A new study published this month in Nature marks a key milestone in Alzheimer’s research. It demonstrates the first complete model of a tau filament, a protein structure found in the brain cells of Alzheimer’s patients and thought to be the cause of the neurodegenerative disease.
Many scientists believe that tau proteins are the molecular building blocks of Alzheimer’s disease. Within the cell, these proteins clump together and group into tangles. These tangles are thought to inhibit cell communication, form lesions, and eventually cause the memory loss associated with Alzheimer’s. Different arrangements of tau proteins, or “morphologies,” can accompany different neurodegenerative diseases such Parkinson’s.
The new paper, published by a group of researchers from the Medical Research Council’s Laboratory of Molecular Biology at Cambridge, maps the first full structure of those proteins for the first time. The researchers found that the tau filament actually consists of two parts: a solid core that had been previously identified through other methods, and a “fuzzy coat” of more mobile parts that were previously unknown. Seen below in schematic representations from the paper, the protein consists of two paired strands curved into a C-shape.

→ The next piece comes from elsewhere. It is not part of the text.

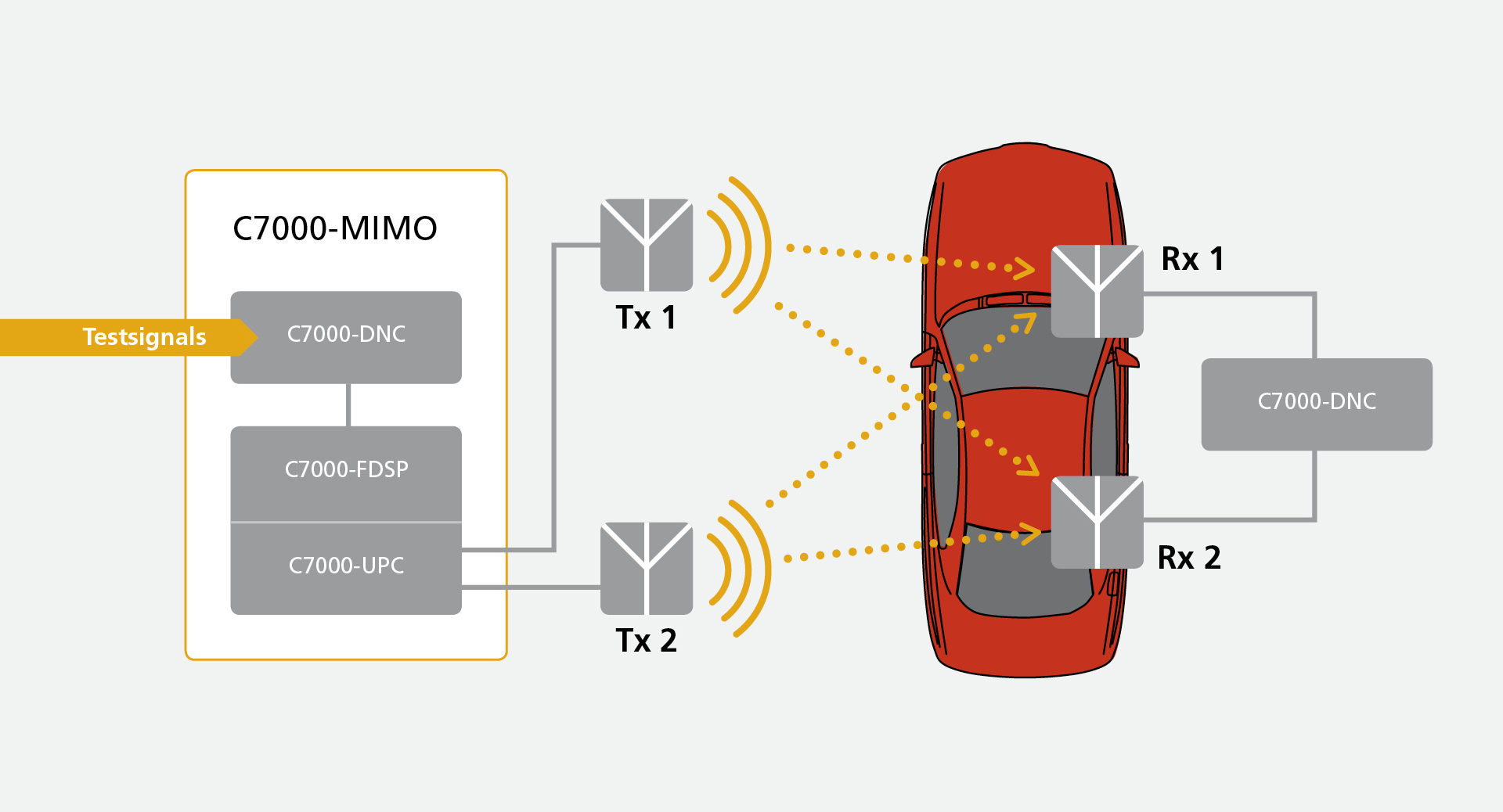 Antenna and communication systems of large test objects such as vehicles can be tested with a much lower number of input and output channels due to the Wireless Cable approach. In cooperation with the Fraunhofer Gesellschaft, the largest European research organization for application-oriented research, IZT has developed a test platform for Mobile Communication Systems as part of the “Facility for Over the Air Research and Testing” (FORTE) test facility. The IZT C7000 emulator provides the necessary resources for wide-band compensation of the chamber characteristics and an arbitrary channel model.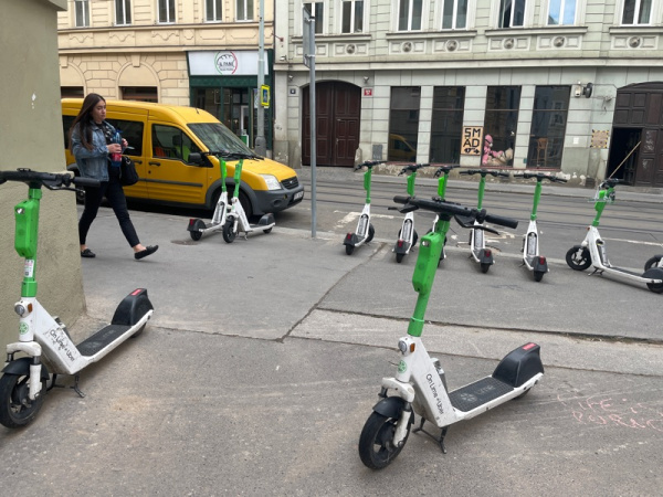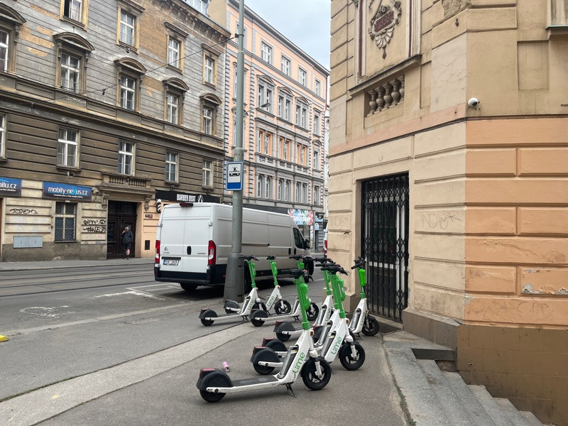 Pravidelná blokáda množstvím elektrokoloběžek.

Until now, efforts to understand tau aggregation (a key process in the formation of symptom-inducing tangles) only looked to the solid core. Now that the full structure has been mapped out, researchers can gain a better understanding of how the molecule actually functions. “The main contribution is really in basic understanding of these filaments at the molecular level, the atomic level,” says Sjors Scheres, a structural biologist and part of the Cambridge team.
The results are the culmination of over 34 years of work by Alzheimer’s researchers. Despite knowing that tau proteins were a crucial element of the disease since the 80s, scientists have been unable to map the full structure—they couldn’t get a clear enough view with existing techniques. The key innovations that allowed the Cambridge team to succeed were in a process called cryo electron microscopy, or cryo-EM (Scheres explains that method in detail here). Improvements to microscopes and software drastically improved the resolution of these atomic-level images.
“I’ve been thinking about this and trying to solve it from first principles for a long time, and I really would never have guessed this very beautiful structure that they came up with,” says Claude Wischik, a longtime Alzheimer’s researcher at Aberdeen University who is currently working to develop a drug therapy but was not involved in the new study.
Intriguingly, the tip of the C-shaped structure is extremely similar to that seen in a species of yeast called Podospora anserina that can form fungal prions—a bent protein that can somehow induce healthy proteins it encounters to mimic its twists and turns. This could mean that the structure holds the secret to the infectious capabilities of both sorts of molecules, potentially explaining the ability of the tau protein to convince other, healthy proteins to morph into the diseased shape associated with neurodegenerative disease.
“What it will help to do going forward is to zero in on the bit of the molecule where our drug as a prototype is working, and to find better drugs,” Wischik adds. He is especially hopeful for the potential of small molecules to work their way into the tau protein filament and break it up into structures the cell can get rid of.
Just this week, researchers from the Washington University School of Medicine published work on Alzheimer’s and disrupted sleep (which we covered when it was first announced). Their work is one example of how crucial the understanding of tau filaments is to figuring out the cause of the disease: they measured levels of tau in the brain after regular and disrupted sleep, investigating the brain’s ability to clean out the damaging molecules overnight. They found that deep sleep seemed to be key to keeping tau tangles at bay. Seeing the tau structure at high resolution could help them understand the molecular mechanisms behind that deep-sleep clean up.
Taking a larger view, it will still be a long time before effective Alzheimer’s drugs reach the hands of those suffering from the disease. But set in motion by the improvements in the cryo-EM process and the dedicated work for many scientists in molecular biology, we now have a pathway to understanding exactly how Alzheimer’s affects the brain. We’re one step closer to understanding why we and our loved ones lose our memories and cognitive abilities, and finding an effect way to treat it.